Intel Core i5 4590 -15000,
Gigabyte H97M-D3H -7200,
Corsair Vengeance 8GB(4GBx2) 1600Mhz -6000,
WD Caviar Black 1TB -5800,
Samsung 840 EVO 250GB -9000,
Dell S2240L 22" LED IPS -8000,
Zotac GTX 980 4GB AMP Edition -44500,
Corsair 300R Windowed Side Panel Case -5000,
Seasonic S12II 620w -6000,
Logitech Z313 2.1 Speakers -2000,
Cooler Master Devastator Gaming Bundle -2500,
Cooler Master Hyper TX3 EVO -1600.
TOTAL -1,12,600.


----------



## DK_WD (Feb 18, 2015)

Hi [MENTION=128966]Drajai[/MENTION],

Take a look of this configuration, maybe it will fulfill your requirement.

Intel I7 -4790k for OC.
MSI Z87-G45.
Vengeance 16GB (2 x 8GB).
Samsung 850 pro-Series 256GB SSD.
WD Black 2TB for performance.
MSI GeForce GTX 980.
Seasonic M12II 850.

For Cabinet and Monitor, you can go with the any brand; based on your requirements.

Good luck


----------



## adityak469 (Feb 18, 2015)

you can't say i will overclock after a year.
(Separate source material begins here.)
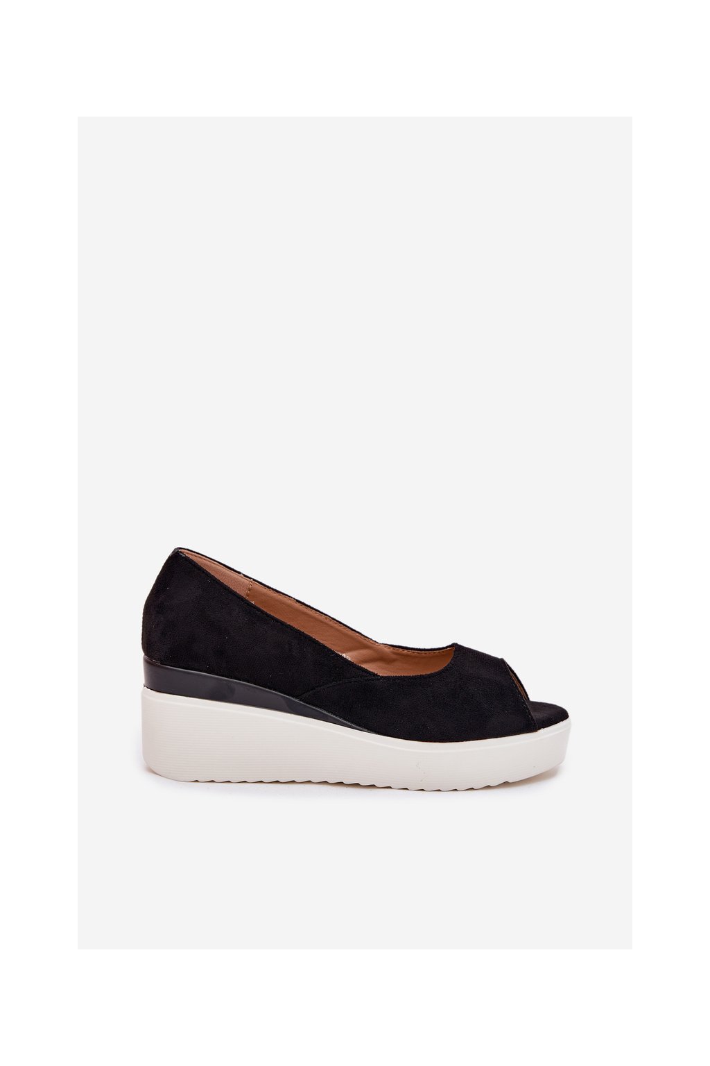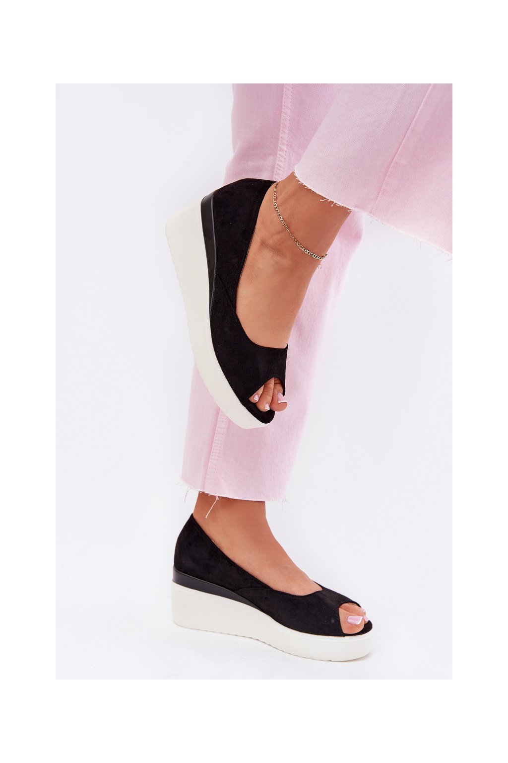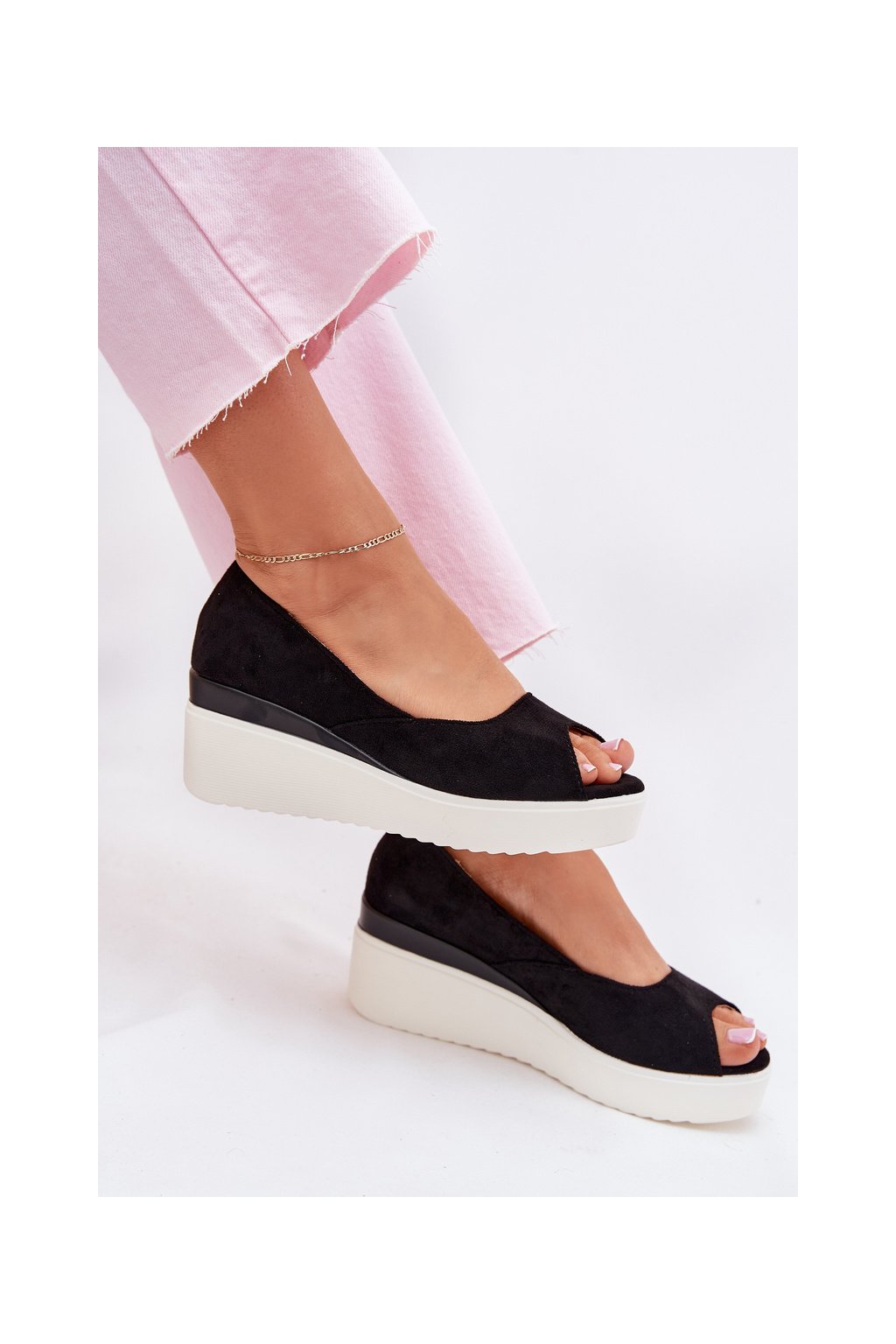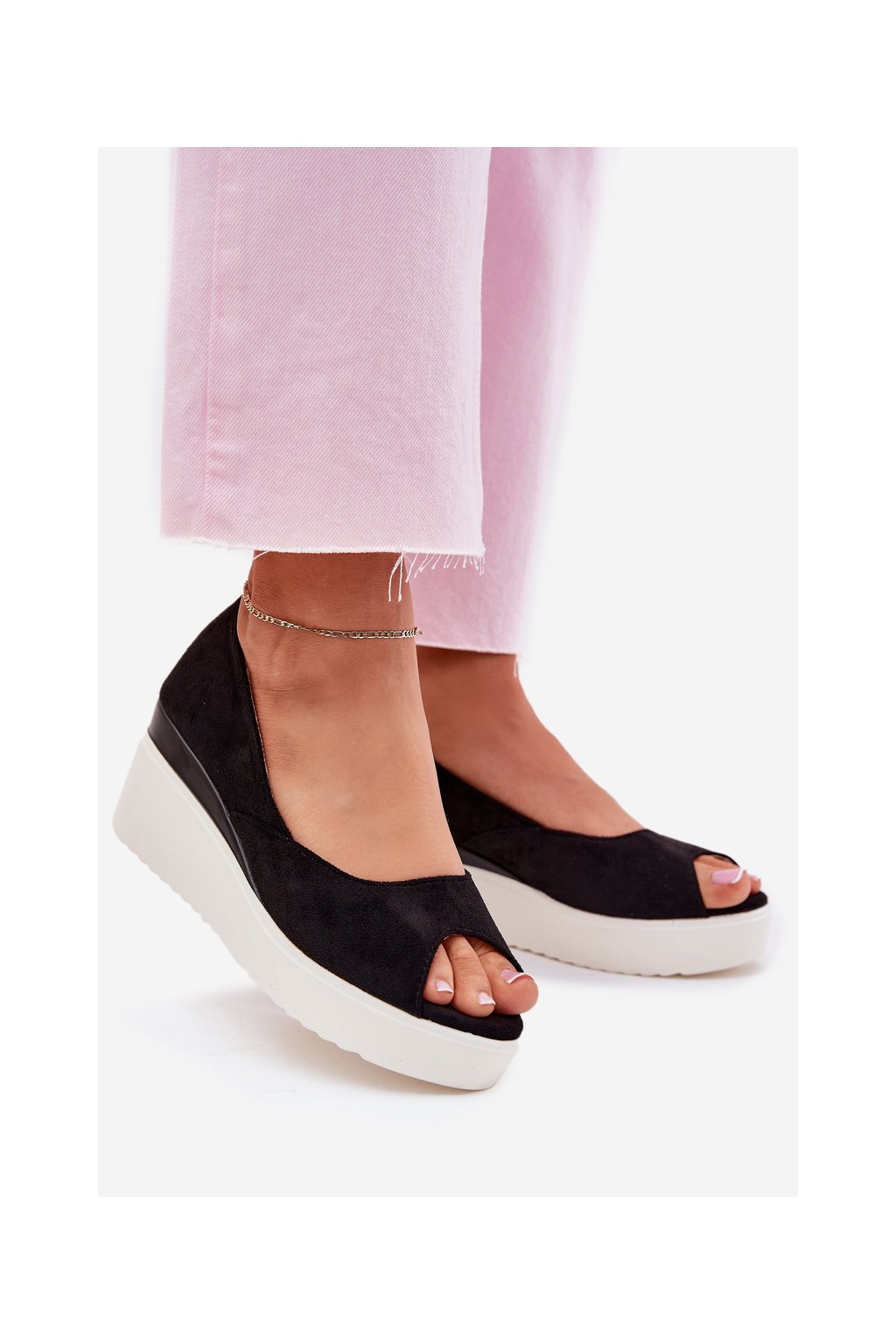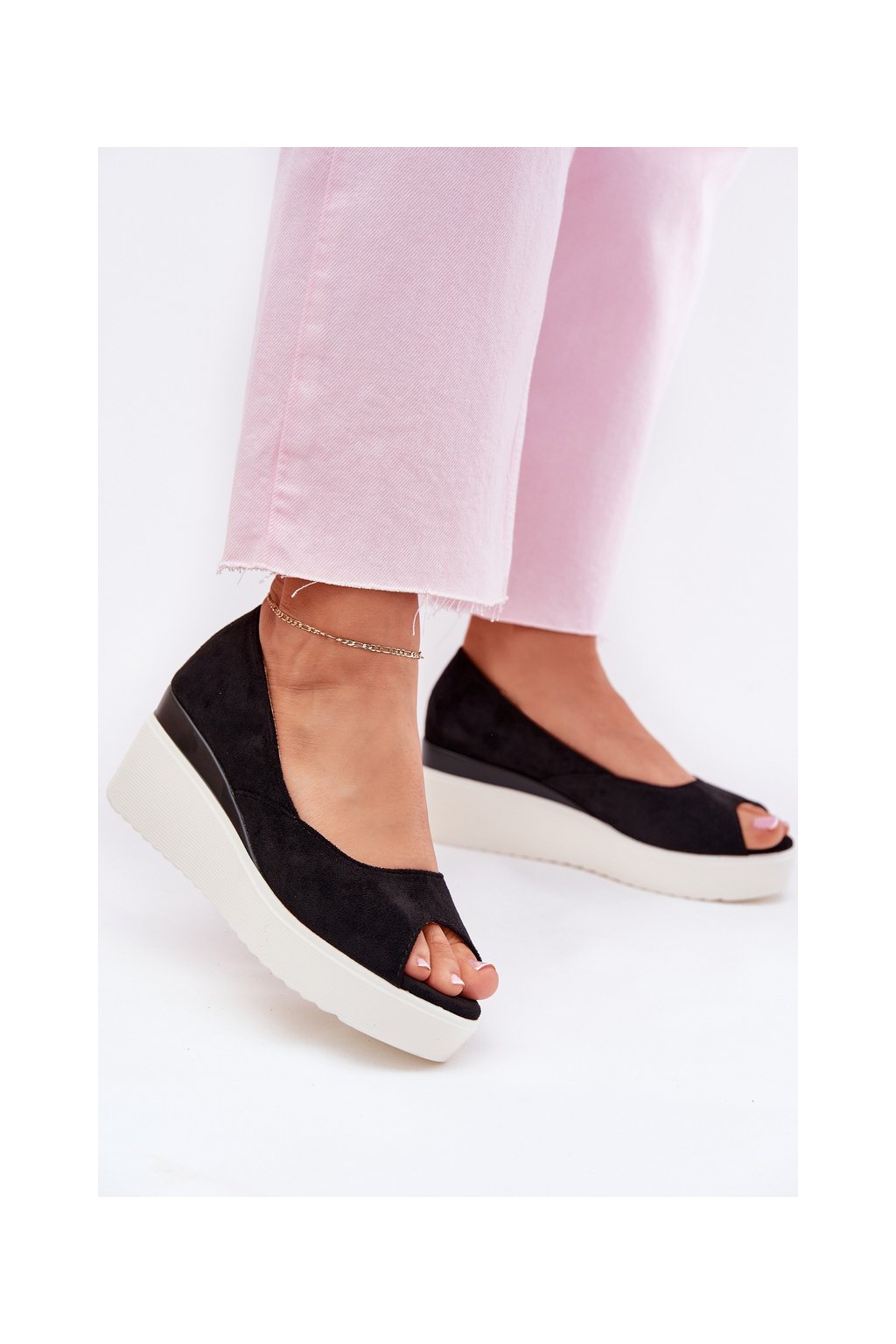 Čierne dámske sandále z eko semišu na platforme s rovnou podrážkou, kód produktu JH528P BLACK

You'll need specific components for it, which are costly.
Editing bssunil's rig

Intel Core i5 4590 -15000
Gigabyte B85M-D3H -5500
Corsair Vengeance 8GB(4GBx2) 1600Mhz -5500
WD Caviar Blue 1TB -3500
Samsung 850 EVO 128GB -5000
AOC i2369VM - 9500
Zotac GTX 980 4GB AMP Edition -44500
NZXT Phantom 410 - 6000
Seasonic S12II 620w -6000
Logitech G300 - 1500
Logitec G105 - 3000

also IMHO, a GTX970 is more VFM than 980


----------



## HE-MAN (Feb 18, 2015)

DK_WD said:


> Hi [MENTION=128966]Drajai[/MENTION],
> 
> Take a look of this configuration, maybe it will fulfill your requirement.
> 
> ...



+1 to this. Just buy a z97 chipset mobo. 
What others have suggested are really not the parts you want when u are spending 1 lakh. also gtx 970 is better at price/performance wise and since you are buying 1080p monitor gtx 970 is more then enough even with DSR at 1440p.


----------



## adityak469 (Feb 18, 2015)

HE-MAN said:


> +1 to this. Just buy a z97 chipset mobo.
> What others have suggested are really not the parts you want when u are spending 1 lakh. also gtx 970 is better at price/performance wise and since you are buying 1080p monitor gtx 970 is more then enough even with DSR at 1440p.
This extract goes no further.